◆ **Brief**
The reply must repeat the listing below exactly and carry none of its pictures.

◆ **Raw data**
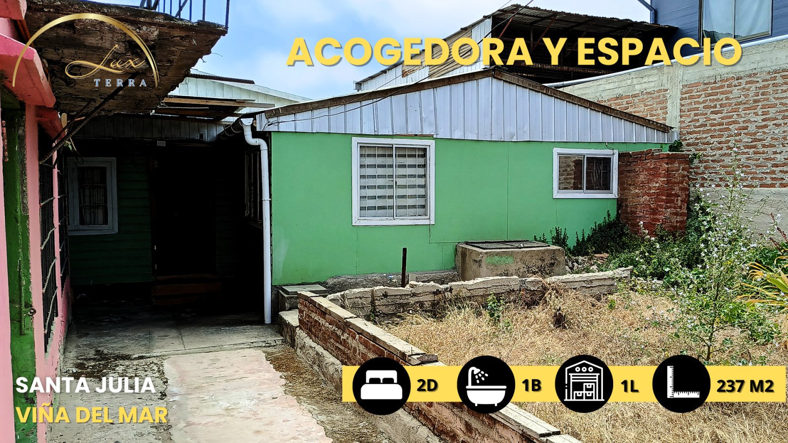 ¡Gran oportunidad en Santa Julia, Viña del Mar! Tu nuevo hogar o inversión ideal te espera. Descubre esta acogedora casa de un piso en sector Santa Julia, uno de los barrios con mejor conectividad y proyección de Viña del Mar. Al ingresar encontrarás un amplio living comedor con excelente iluminación natural que brinda un ambiente cálido y familiar. A un costado destaca su amplia cocina completamente amoblada, con acceso directo al antejardín —perfecta para quienes disfrutan de la comodidad y la funcionalidad en su día a día. La propiedad cuenta con 2 dormitorios de gran tamaño y 1 baño completo, además de un antejardín ideal para reuniones familiares, mascotas o futuras ampliaciones. En el antejardín encontrarás una construcción independiente, ideal para instalar un local comercial o desarrollar una segunda vivienda de 2 pisos. Una excelente alternativa para quienes buscan vivir y emprender en el mismo lugar o generar renta adicional. Ubicación privilegiada: Situada en el corazón de Santa Julia, estarás a pasos de locomoción colectiva, colegios, locales comerciales, centros culturales y complejos deportivos. Además, cuenta con rápido acceso al Camino Internacional, conectando fácilmente con Concón, Quilpué y el resto de Viña del Mar. Perfecta para familias, inversionistas o emprendedores que buscan un espacio con potencial, comodidad y gran ubicación. Contáctanos hoy mismo y agenda tu visita. ¡Esta propiedad tiene todo para convertirse en tu próxima gran inversión en Viña del Mar! En Lux Terra Propiedades, te ofrecemos una experiencia inmobiliaria de alto nivel. Te acompañamos en cada paso, desde la búsqueda hasta la entrega de llaves, con asesoría experta, servicios digitales de vanguardia y respaldo legal y notarial. Seguridad, confianza y excelencia en cada transacción. ¡Hacemos que tu inversión sea fácil y sin preocupaciones!
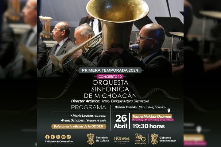 NOTICIAS 22/04/2024La Osidem ya está lista para su décimo concierto 2024  La Orquesta Sinfónica de Michoacán (OSIDEM) ya está lista para el décimo concierto de su primera temporada 2024, el cual ofrecerá en su sede el teatro Melchor Ocampo, el viernes 26 de abril a las 19:30 horas.
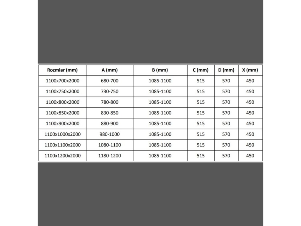 Specifikace produktu:Rozměr: 110x70 cm (dveře 110 cm, stěna 70 cm)

◆ **Response to this task**
 ¡Gran oportunidad en Santa Julia, Viña del Mar! Tu nuevo hogar o inversión ideal te espera. Descubre esta acogedora casa de un piso en sector Santa Julia, uno de los barrios con mejor conectividad y proyección de Viña del Mar. Al ingresar encontrarás un amplio living comedor con excelente iluminación natural que brinda un ambiente cálido y familiar. A un costado destaca su amplia cocina completamente amoblada, con acceso directo al antejardín —perfecta para quienes disfrutan de la comodidad y la funcionalidad en su día a día. La propiedad cuenta con 2 dormitorios de gran tamaño y 1 baño completo, además de un antejardín ideal para reuniones familiares, mascotas o futuras ampliaciones. En el antejardín encontrarás una construcción independiente, ideal para instalar un local comercial o desarrollar una segunda vivienda de 2 pisos. Una excelente alternativa para quienes buscan vivir y emprender en el mismo lugar o generar renta adicional. Ubicación privilegiada: Situada en el corazón de Santa Julia, estarás a pasos de locomoción colectiva, colegios, locales comerciales, centros culturales y complejos deportivos. Además, cuenta con rápido acceso al Camino Internacional, conectando fácilmente con Concón, Quilpué y el resto de Viña del Mar. Perfecta para familias, inversionistas o emprendedores que buscan un espacio con potencial, comodidad y gran ubicación. Contáctanos hoy mismo y agenda tu visita. ¡Esta propiedad tiene todo para convertirse en tu próxima gran inversión en Viña del Mar! En Lux Terra Propiedades, te ofrecemos una experiencia inmobiliaria de alto nivel. Te acompañamos en cada paso, desde la búsqueda hasta la entrega de llaves, con asesoría experta, servicios digitales de vanguardia y respaldo legal y notarial. Seguridad, confianza y excelencia en cada transacción. ¡Hacemos que tu inversión sea fácil y sin preocupaciones!
 NOTICIAS 22/04/2024La Osidem ya está lista para su décimo concierto 2024  La Orquesta Sinfónica de Michoacán (OSIDEM) ya está lista para el décimo concierto de su primera temporada 2024, el cual ofrecerá en su sede el teatro Melchor Ocampo, el viernes 26 de abril a las 19:30 horas.
 Specifikace produktu:Rozměr: 110x70 cm (dveře 110 cm, stěna 70 cm)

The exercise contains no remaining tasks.